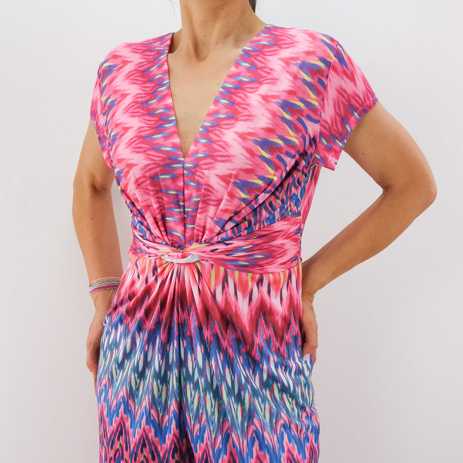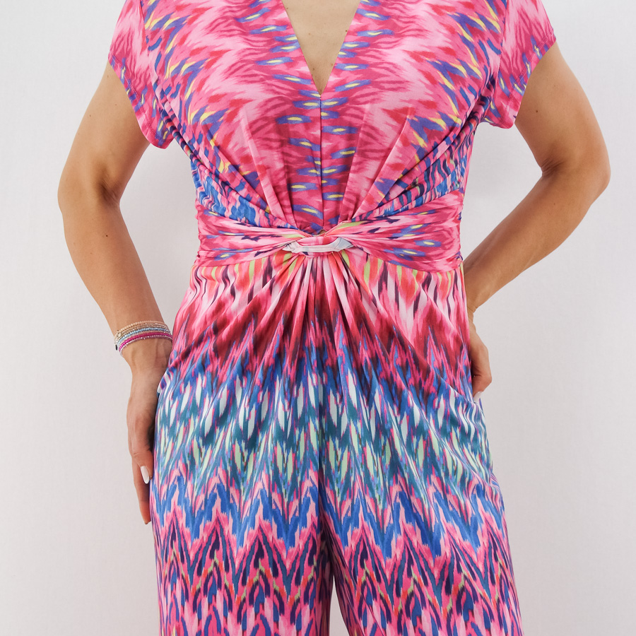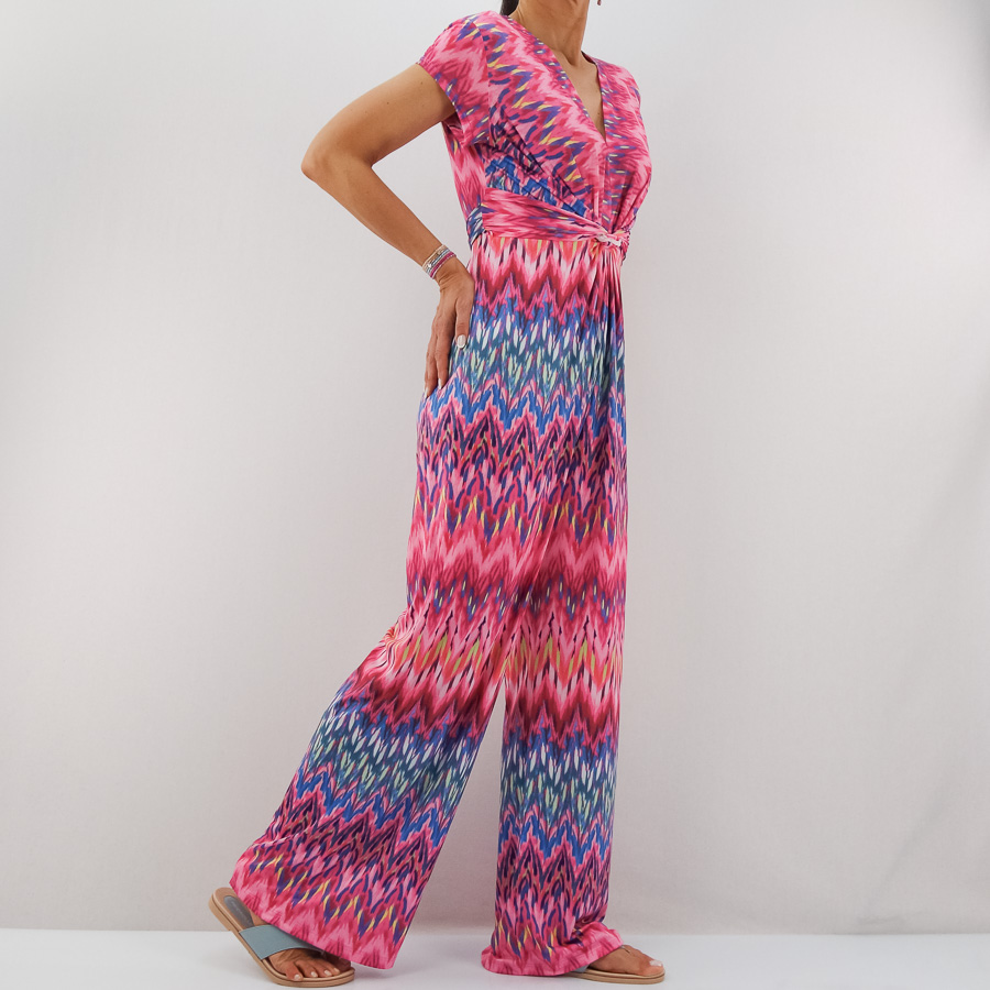 JUMPSUIT SILENNE DECOTE EM BICO ESTAMPADO COM NÓ
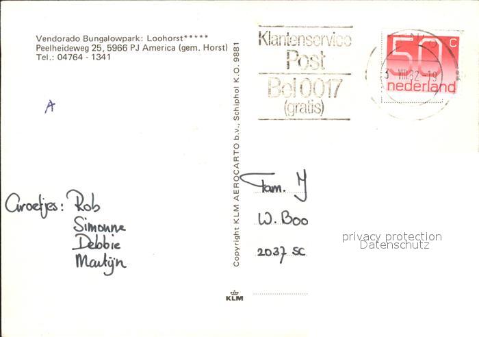 old postcard America Niederlande Vendorado Bungalowparl Loohorst Fliegeraufnahme postalisch gelaufen Erhaltung siehe scans
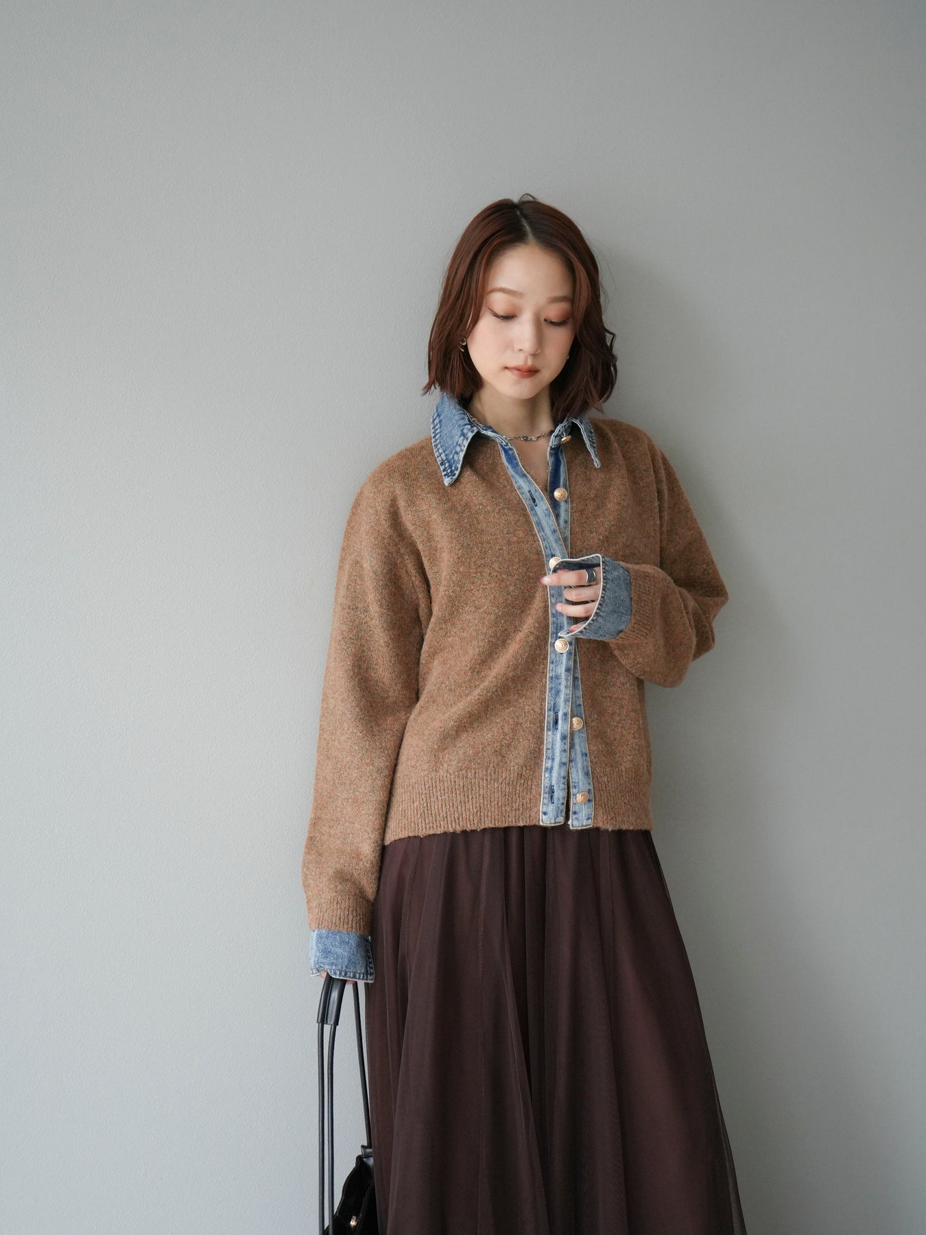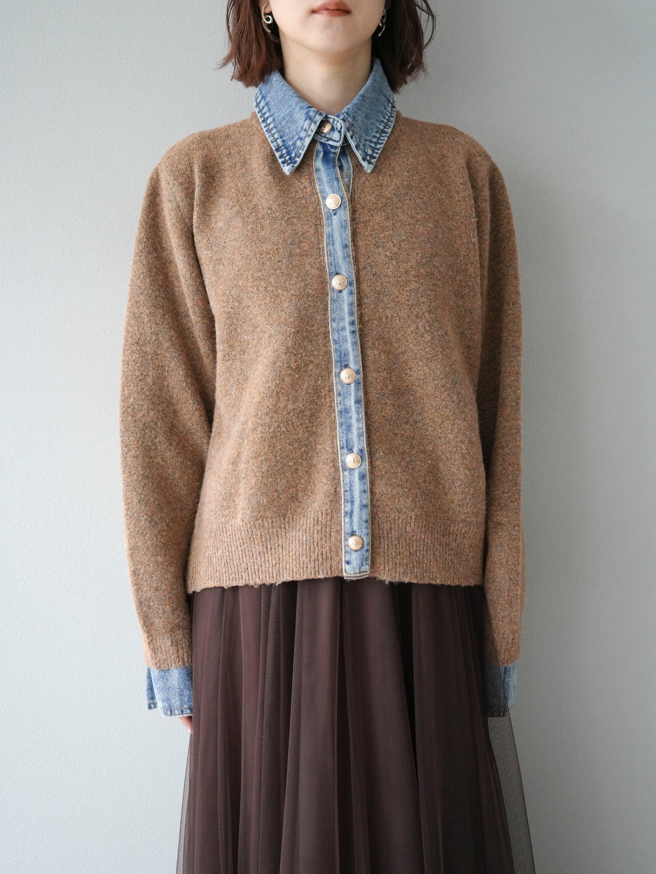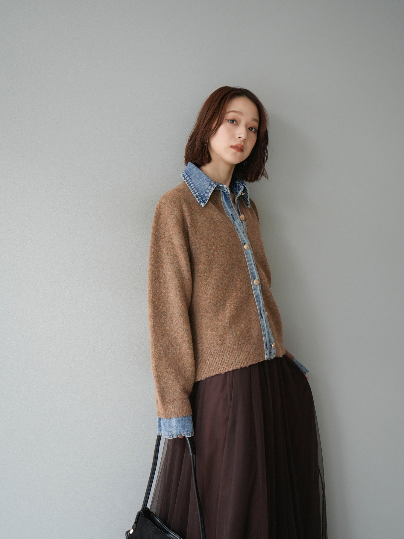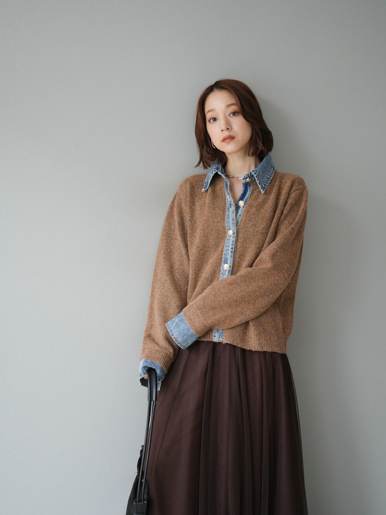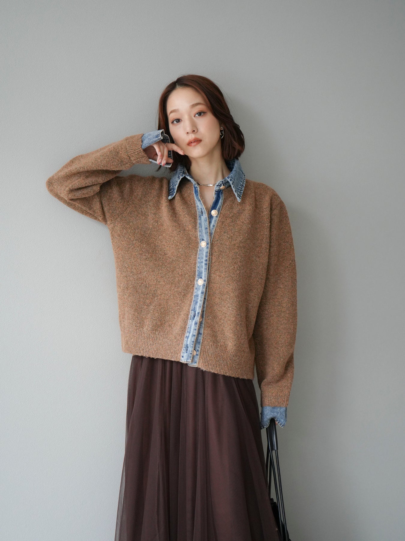 【預購】牛仔領紐扣針織開襟衫/駝色
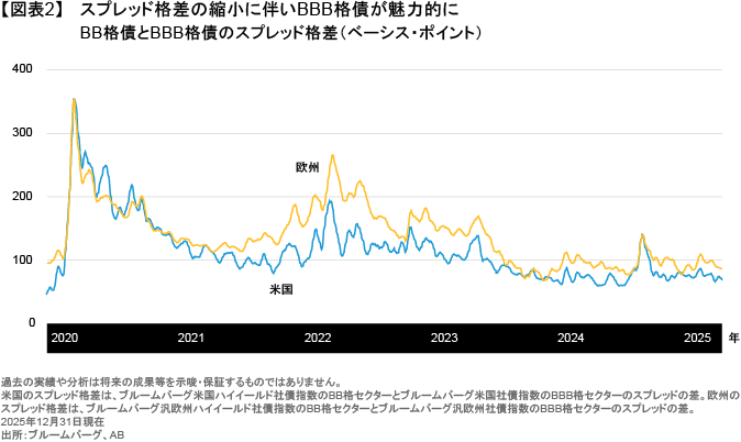 BB格債はこの1年、利回りの高止まりと低いデフォルト・リスクを背景に安定したパフォーマンスを見せており(以前の記事『ハイイールド債:退屈な投資こそが良い場合も』ご参照)、そうした傾向が2026年も続くとABは見ている。また、ハイイールド債への投資には慎重な投資家にとって、BBB格債は魅力的な代替となる可能性がある。実際、BBB格債の多くは現在、BB格債並みかそれ以上の利回りを有しており、特に米国においてはより高いリターンをより低いリスクで追求することができる、恵まれた環境を投資家に提供していると言える(図表2)。
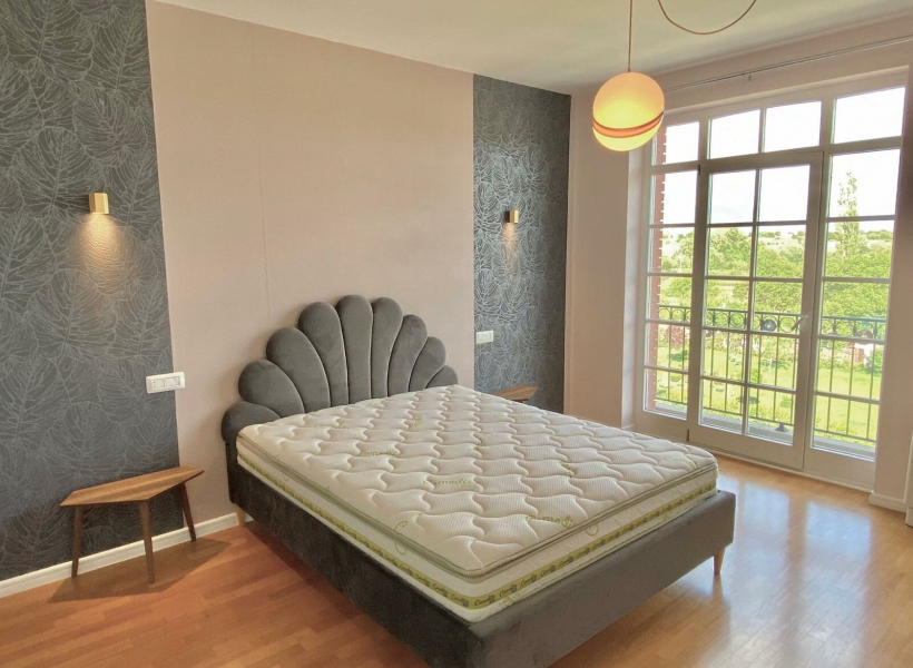 Станот е сосема нов, кој моментално се доопремува и ќе се изнајмува комплетно опремен со нов и луксузен мебел, располага со три спални соби, просторна дневна соба заедно со посебна просторија која располага со камин на дрва, посебна кујна, три бањи, остава и две тераси.
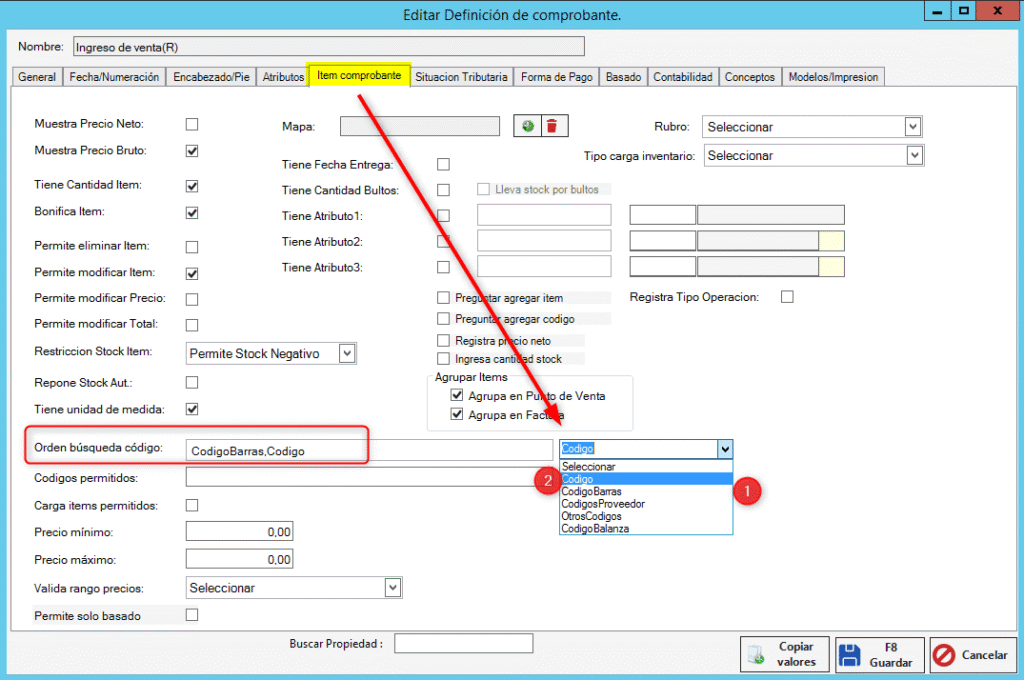 - Nos dirigimos a la solapa “Item comprobante” y luego hasta la opción “Orden de búsqueda código”, seleccionamos la opción “Código de barras” y luego “Código”, en el campo “Orden de búsqueda código” debería quedar algo como: “CodigoBarras, Código”.
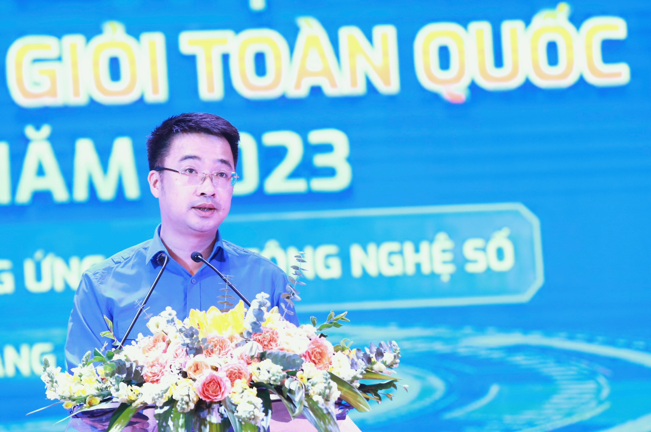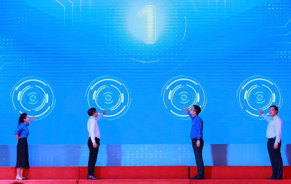Đồng chí Nguyễn Tường Lâm, Bí thư TƯ Đoàn động viên các bạn đoàn viên thanh niên tham gia hưởng ứng cuộc thi ngay sau lễ phát động
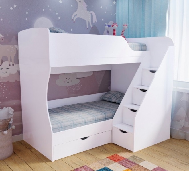 Преимущества данной модели - удобная, безопасная лестница с ящиками для игрушек и комфортная высота кровати.
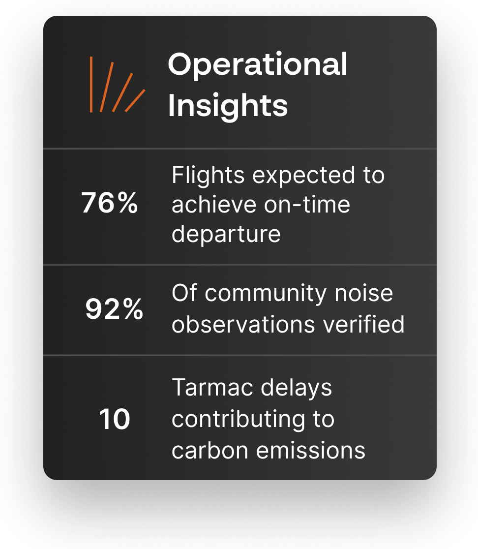 Heathrow, uno de los aeropuertos más transitados del mundo, necesitaba expandirse manteniendo al mismo tiempo relaciones sólidas con las comunidades circundantes. Para lograrlo, el aeropuerto recurrió a la monitorización del ruido en tiempo real y a soluciones transparentes para garantizar que se escuchaban y atendían las preocupaciones.Al proporcionar datos medioambientales accesibles y canales de comunicación abiertos, Heathrow ha fomentado la confianza con los residentes locales al tiempo que gestiona un crecimiento sostenible. Este enfoque proactivo favorece tanto la expansión operativa como el bienestar de la comunidad, estableciendo un punto de referencia para el desarrollo responsable de aeropuertos.
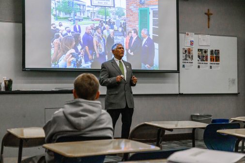 Former Jesuit Alumnus of the Year Edgar “Dooky” Chase III ’67 speaks during the first half of lunch in room 210. Chase spoke about the history of the Civil Rights movement in New Orleans, with a focus on the role of his family restaurant as a gathering place for local and national leaders. Chase delved into a number of topics including the tough and uplifting times of starting at Jesuit, cleaning the restaurant floors at 5 a.m., and the musical influences of his day.
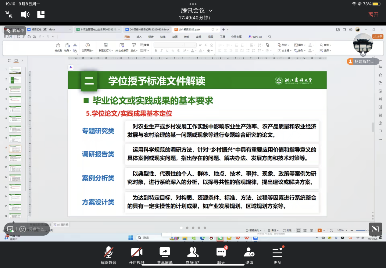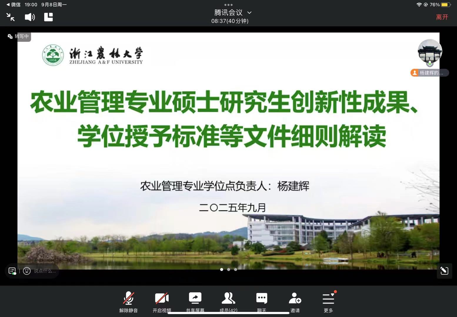 9月8日19:00,农业管理专业学位点举行“农业管理专业硕士研究生创新性成果、学位授予标准等文件细则解读会”,考虑到涉及不在校的非全日制研究生,本次培训线上举行,会议由农业管理专业学位点负责人杨建辉老师主讲,2023级、2024级全日制研究生及2022级非全日制研究生共66人在线参加。

■ ■ ■ ■ ■ ■ ■

- **Work to complete**
Copy only these lines from the records above, exactly: the one with "old postcard America", the one with "Đồng chí Nguyễn", and those between. Skip the pictures.

- **Task solution**
 old postcard America Niederlande Vendorado Bungalowparl Loohorst Fliegeraufnahme postalisch gelaufen Erhaltung siehe scans
 【預購】牛仔領紐扣針織開襟衫/駝色
 BB格債はこの1年、利回りの高止まりと低いデフォルト・リスクを背景に安定したパフォーマンスを見せており(以前の記事『ハイイールド債:退屈な投資こそが良い場合も』ご参照)、そうした傾向が2026年も続くとABは見ている。また、ハイイールド債への投資には慎重な投資家にとって、BBB格債は魅力的な代替となる可能性がある。実際、BBB格債の多くは現在、BB格債並みかそれ以上の利回りを有しており、特に米国においてはより高いリターンをより低いリスクで追求することができる、恵まれた環境を投資家に提供していると言える(図表2)。
 Станот е сосема нов, кој моментално се доопремува и ќе се изнајмува комплетно опремен со нов и луксузен мебел, располага со три спални соби, просторна дневна соба заедно со посебна просторија која располага со камин на дрва, посебна кујна, три бањи, остава и две тераси.
 - Nos dirigimos a la solapa “Item comprobante” y luego hasta la opción “Orden de búsqueda código”, seleccionamos la opción “Código de barras” y luego “Código”, en el campo “Orden de búsqueda código” debería quedar algo como: “CodigoBarras, Código”.
Đồng chí Nguyễn Tường Lâm, Bí thư TƯ Đoàn động viên các bạn đoàn viên thanh niên tham gia hưởng ứng cuộc thi ngay sau lễ phát động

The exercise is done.